Beitrag von Franzium » 31.01.2013 21:37

EM3-Praktikum
Eingangstest:
1) U, I, f, n, P, Leistungsfaktor, M/Ma, M/Mk, ect. gegeben
Polpaarzahl ermitteln, Wirkungsgrad und Kippdrehzahl berechnen
2) Ersatzschaltbild ASM zeichnen und beschriften
3) M-n-Kennlinie zeichnen
4) Wie kann man Drehzahl erhöhen (Kennlinien zeichnen)?
5) Was ändert sich bei Umschaltung von Stern auf Dreieck bezüglich M und n (Kennlinien zeichnen)?

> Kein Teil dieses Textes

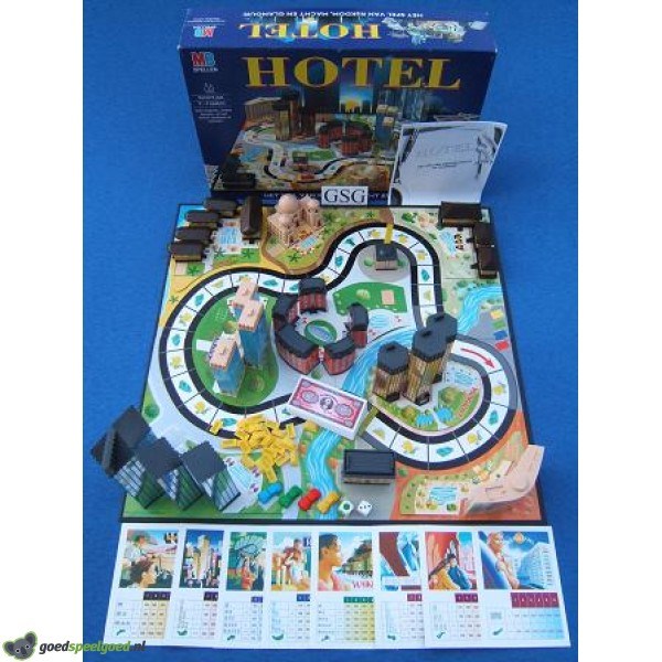 Het spel uit de luxe wereld van de grote hotels. Fortuinen worden gemaakt en verloren in dit spannende familiespel. Je vestigt een keten van hotels en probeert zo snel mogelijk rijk te worden. Wordt een rijke hotelmagnaat, bouw hotels, verwelkom je gasten en hoop dat ze nog meer uitgeven en dat ze zolang blijven dat ze hun rekening niet meer kunnen betalen. De speler die als laatste overblijft wint het spel. Let op! Doos en spel vertonen zichtbare gebruikssporen. Kompleet met handleiding. Geschikt voor 2-4 spelers in de leeftijd vanaf 8 jaar.

6) Warum sind Eisenverluste im Läufer geringer als im Stator?
Eingangstest:
1) U, I, P, n, Leistungsfaktor gegeben
M, s, eta ausrechnen
2) Querschnitt ASM mit p=1, q=1 zeichnen, Bauelemente benennen
3) Unterschied zwischen Dreh-, Gleich-, Wechselfeld?
4) Warum sind Eisenverluste im Läufer geringer als im Stator?
5) M-n-Kennlinie bei Frequenzsteuerung
6) M-n-Kennlinie bei Spannungssteuerung
Kolloquium:
- Unterschied zwischen Gleich-, Wechsel-, Drehfeld
- Wie entstehen Dreh-, Wechsel-, Gleichfelder
- Querschnitt ASM zeichnen mit p=1 und q=1. Anhand von Momentanwerten eines Drehstromes die Ausbildung der Pole einzeichnen.
- Bauteile ASM benennen
- Flussgesetz (formelmäßig)? Wo findet es Anwendung in ASM?
- Induktionsgesetz (formelmäßig)? Wo findet es Anwendung in ASM?
- Leistungsbilanz
- Welche Kraft (formelmäßig) ist für Drehmomentbildung verantwortlich?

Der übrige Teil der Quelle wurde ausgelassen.